*Data extracted from a collection*
* * * * * * *
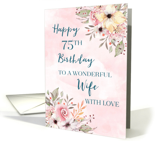 A gorgeous 75th birthday card for your amazing wife with love, with pretty pink watercolor background and country flowers.
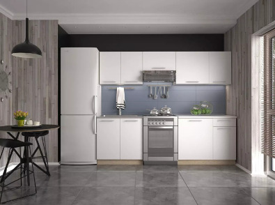 A 180 cm vagy 240-260 cm hosszú egyenes konyhablokkok kisebb helyekre alkalmasak. Az egyszerű és kompakt kialakítás hatékonyan kihasználja a korlátozott helyet. Az összes munkazóna egy síkban történő elhelyezése minimálisra csökkenti az egyes részek közötti mozgás szükségességét, ami hatékonyabbá teszi a munkát. Az egyenes vonal több helyet hagy a konyhában, és így szellős és nyitott teret teremt.
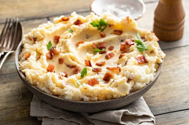 Картофельное пюре с беконом и сыром — это не просто гарнир, а настоящая кулинарная звезда вашего новогоднего стола. Сочетание хрустящего бекона и насыщенного сыра придает этому блюду исключительный вкус и текстуру, которые никто не сможет проигнорировать.
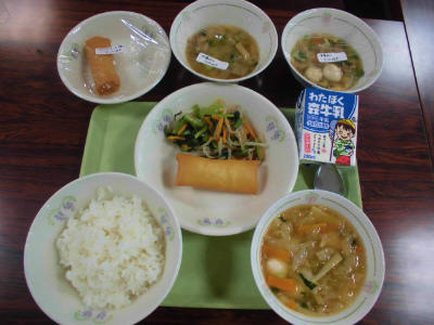 本日の給食は、ごはん、牛乳、とり肉の唐揚げ、卯の花の炒り煮、沢煮椀でした。
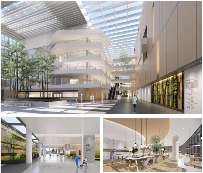 充分打造个性化、互动的就医空间,改善患者就医体验并提高治愈效率,实现以最佳的临床治疗结果和医疗实践为依托的高品质医疗体。设计期望创造一个与自然环境融合、为患者提供一个安全的治疗环境的建筑体,同时为医生提供一个舒适的工作环境,为周边提供一个绿色的休闲环境。通过自然光、色彩、艺术品和景观的结合,提供安静和私密性强的空间,将治愈、安全和宜人的环境及先进科技的理念整合在设计中。
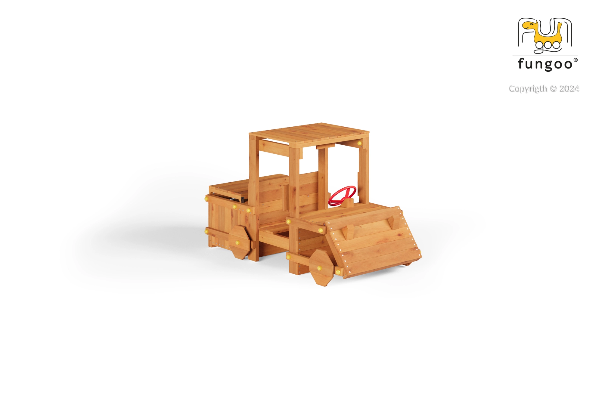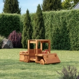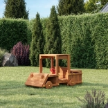 Construcția este realizată din lemn de calitate, tratat prin impregnare în nuanță de tec, pentru rezistență sporită la umiditate și UV. Pachetul include ancore de sol și elemente de siguranță pentru stabilitate și încredere chiar și la joacă mai intensă. Modelul este conceput pentru 2 mici șoferi simultan și oferă un spațiu practic de depozitare pentru mărunțișuri sau jucării.
* * * * * * *
*TASK DIRECTIONS*
Transcribe each line above exactly, pictures excluded.

*WRITTEN SOLUTION*
 A gorgeous 75th birthday card for your amazing wife with love, with pretty pink watercolor background and country flowers.
 A 180 cm vagy 240-260 cm hosszú egyenes konyhablokkok kisebb helyekre alkalmasak. Az egyszerű és kompakt kialakítás hatékonyan kihasználja a korlátozott helyet. Az összes munkazóna egy síkban történő elhelyezése minimálisra csökkenti az egyes részek közötti mozgás szükségességét, ami hatékonyabbá teszi a munkát. Az egyenes vonal több helyet hagy a konyhában, és így szellős és nyitott teret teremt.
 Картофельное пюре с беконом и сыром — это не просто гарнир, а настоящая кулинарная звезда вашего новогоднего стола. Сочетание хрустящего бекона и насыщенного сыра придает этому блюду исключительный вкус и текстуру, которые никто не сможет проигнорировать.
 本日の給食は、ごはん、牛乳、とり肉の唐揚げ、卯の花の炒り煮、沢煮椀でした。
 充分打造个性化、互动的就医空间,改善患者就医体验并提高治愈效率,实现以最佳的临床治疗结果和医疗实践为依托的高品质医疗体。设计期望创造一个与自然环境融合、为患者提供一个安全的治疗环境的建筑体,同时为医生提供一个舒适的工作环境,为周边提供一个绿色的休闲环境。通过自然光、色彩、艺术品和景观的结合,提供安静和私密性强的空间,将治愈、安全和宜人的环境及先进科技的理念整合在设计中。
 Construcția este realizată din lemn de calitate, tratat prin impregnare în nuanță de tec, pentru rezistență sporită la umiditate și UV. Pachetul include ancore de sol și elemente de siguranță pentru stabilitate și încredere chiar și la joacă mai intensă. Modelul este conceput pentru 2 mici șoferi simultan și oferă un spațiu practic de depozitare pentru mărunțișuri sau jucării.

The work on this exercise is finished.